> _AIM OF THE TASK_: Only the lines from the beginning of the entries through the one that holds "GRÜNE BLÄTTER IM" may appear in the answer, written out exactly and free of pictures.

▼

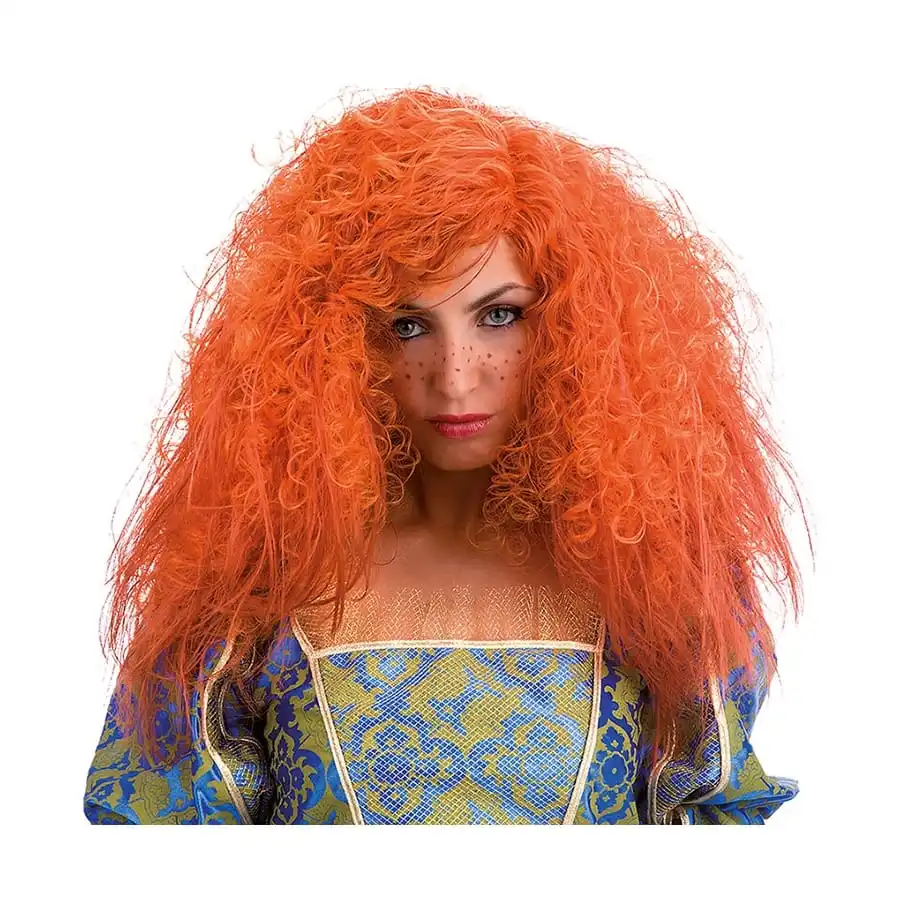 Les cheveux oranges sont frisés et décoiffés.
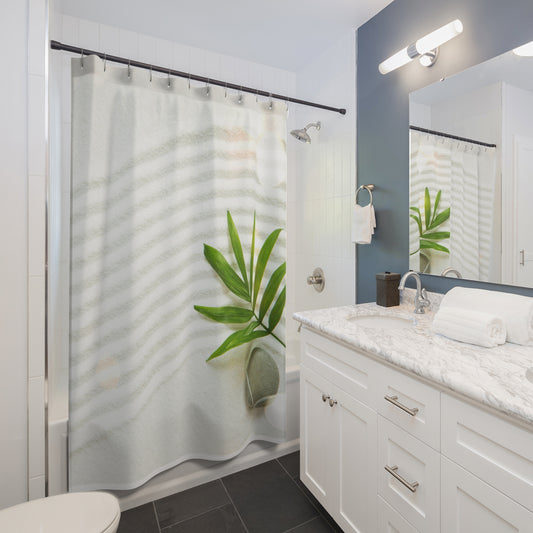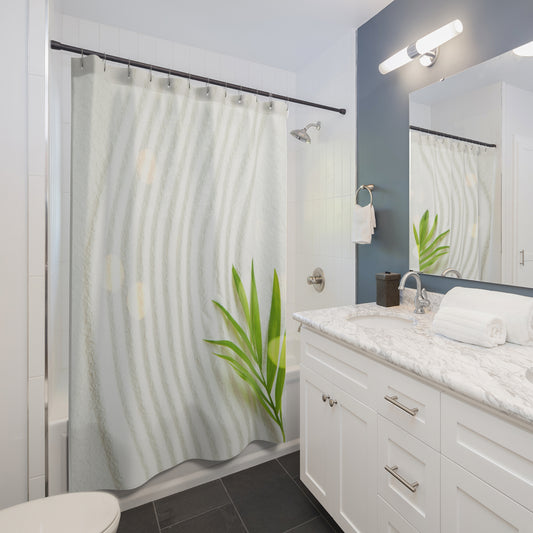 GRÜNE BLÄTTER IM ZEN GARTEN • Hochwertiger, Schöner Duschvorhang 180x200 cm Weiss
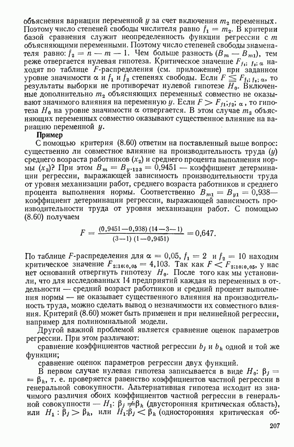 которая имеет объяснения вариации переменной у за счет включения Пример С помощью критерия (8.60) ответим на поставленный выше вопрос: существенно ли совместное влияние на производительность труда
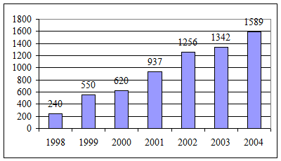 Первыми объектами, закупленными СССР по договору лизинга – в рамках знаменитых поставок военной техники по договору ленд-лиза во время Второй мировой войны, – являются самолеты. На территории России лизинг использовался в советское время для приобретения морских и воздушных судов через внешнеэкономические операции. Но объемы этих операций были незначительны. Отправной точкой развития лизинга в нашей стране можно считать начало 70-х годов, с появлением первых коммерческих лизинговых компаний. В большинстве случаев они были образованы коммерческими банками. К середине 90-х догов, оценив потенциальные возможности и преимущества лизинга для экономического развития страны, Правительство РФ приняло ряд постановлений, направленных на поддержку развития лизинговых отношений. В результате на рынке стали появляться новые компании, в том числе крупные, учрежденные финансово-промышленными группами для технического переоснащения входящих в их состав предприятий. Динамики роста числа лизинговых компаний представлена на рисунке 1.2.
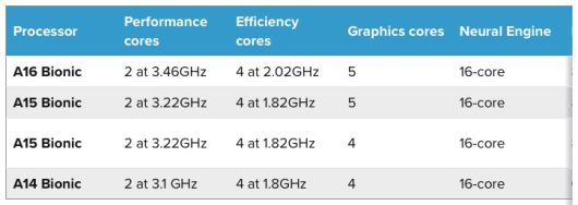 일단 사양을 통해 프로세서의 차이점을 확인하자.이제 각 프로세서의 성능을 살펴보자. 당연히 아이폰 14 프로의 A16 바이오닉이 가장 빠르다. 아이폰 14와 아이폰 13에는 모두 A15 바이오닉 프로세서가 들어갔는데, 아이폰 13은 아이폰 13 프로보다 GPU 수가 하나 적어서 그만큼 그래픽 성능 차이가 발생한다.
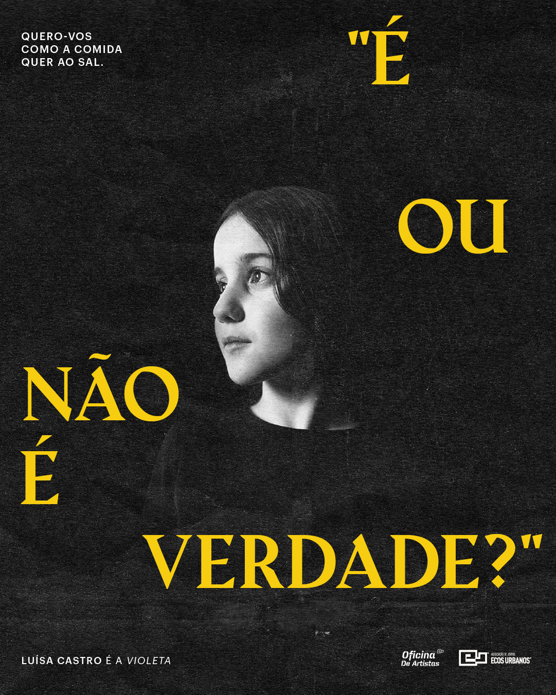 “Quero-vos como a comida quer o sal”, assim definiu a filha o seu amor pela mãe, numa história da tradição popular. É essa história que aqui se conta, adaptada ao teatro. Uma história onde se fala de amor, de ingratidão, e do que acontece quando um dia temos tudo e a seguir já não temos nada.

▲

> _OUTPUT FOR THIS TASK_:
 Les cheveux oranges sont frisés et décoiffés.
 GRÜNE BLÄTTER IM ZEN GARTEN • Hochwertiger, Schöner Duschvorhang 180x200 cm Weiss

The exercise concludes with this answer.